Los Angeles: Actor-director-writer Jordan Peele, who became the first African-American screenwriter to win an Oscar for Best Original Screenplay for "Get Out", says the best films in every genre are being made by black directors.
"It's a renaissance. I almost never became a director because there's such a shortage of role models. We had Spike Lee. We had John Singleton. We had the Peebleses. We had the Hughes brothers. But they felt like the exception to the rule," eonline.com quoted Peele as saying.
"I'm so proud to be a part of a time -- the beginning of a movement, where you -- where I feel like the best films in every genre are being brought to me by my fellow black directors. It's very special, and I think that goes for all areas of inclusion, but it's quite clear with the work that Ava (DuVernay) is doing, that Ryan (Coogler) is doing, F. Gary Gray, Barry (Jenkins), that this is a very special time," he added.
Peele is aware of the influence he has in the entertainment industry.
"When the nominations came out, I had this amazing feeling of looking at the 12-year-old that had this burning in my guts for this type of validation... I instantly realised that an award like this is much bigger than me.

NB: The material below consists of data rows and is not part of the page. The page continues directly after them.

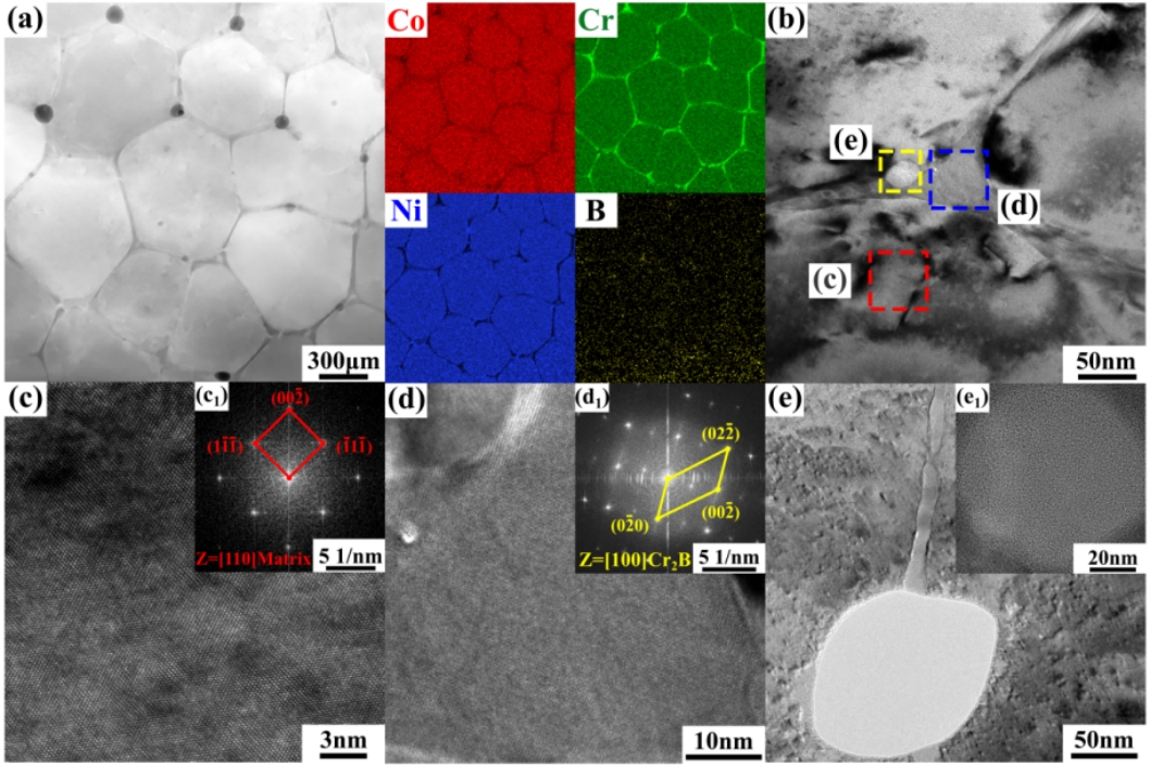 图2采用LPBF制备的CCN-0.8B合金的TEM图和相应元素分布图:(a)相应区域的明场像和元素分布;(b) Cr2B/基体界面的HR-TEM图;(c-c1)基体的HR-TEM图和FFT图;(d-d1) Cr2B的HR-TEM图和FFT图;以及(e-e1)富B沉淀相的HR-TEM图和FFT图
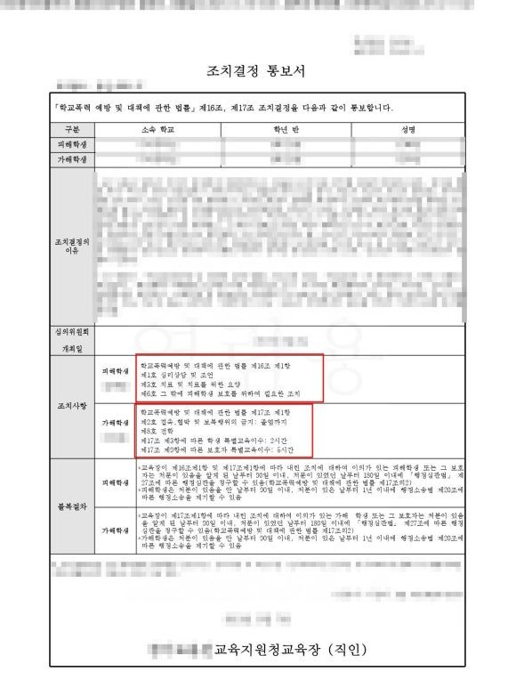 학폭위에서는 의뢰인의 자녀에 피해학생의 보호 조치로 1호*3호*6호 처분을 내렸으며, 가해자에 가해 학생에 대한 조치로 2호(피해 학생에 대한 접촉 협박 및 보복행위의 금지)*8호(전학) 조치 등을 내렸습니다.
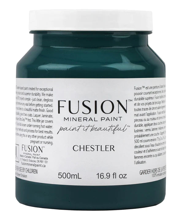 Note: Priming is usually not necessary with Fusion Mineral Paint. For bleed-through or knots, use Zinsser BIN Shellac-based primer. For dark-to-white transitions, use a mid-tone colour like Sterling as a primer.
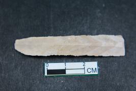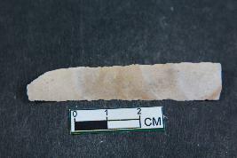 | Description / विवरण | A blade having two dorsal ridges, bulb of percussion on ventral side and smooth surface. |
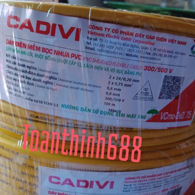 Thiết Bị Điện Gia Dụng > Mạch điện & Phụ tùng > Ổ cắm điện & Dây nối || Dây điện đôi 2x0.75 cadivi 2 lớp vỏ bọc dẹp(100mét)Còn hàng

This is about paying it forward to the young people who might not believe that they could achieve the highest honour in whatever craft they want to push toward."
"Get Out", a horror film centred on an inter-racial relationship between a black American man and his white partner, was a satire on racism and it was critically lauded.
After his Oscar win, Peele tweeted: "When Whoopi Goldberg won her Oscar for 'Ghost', she practically reached through my TV screen and told young me to follow my dreams. I did, and it worked. Thanks Whoopi."
His film will soon premiere on the small screen in India on Sony PIX.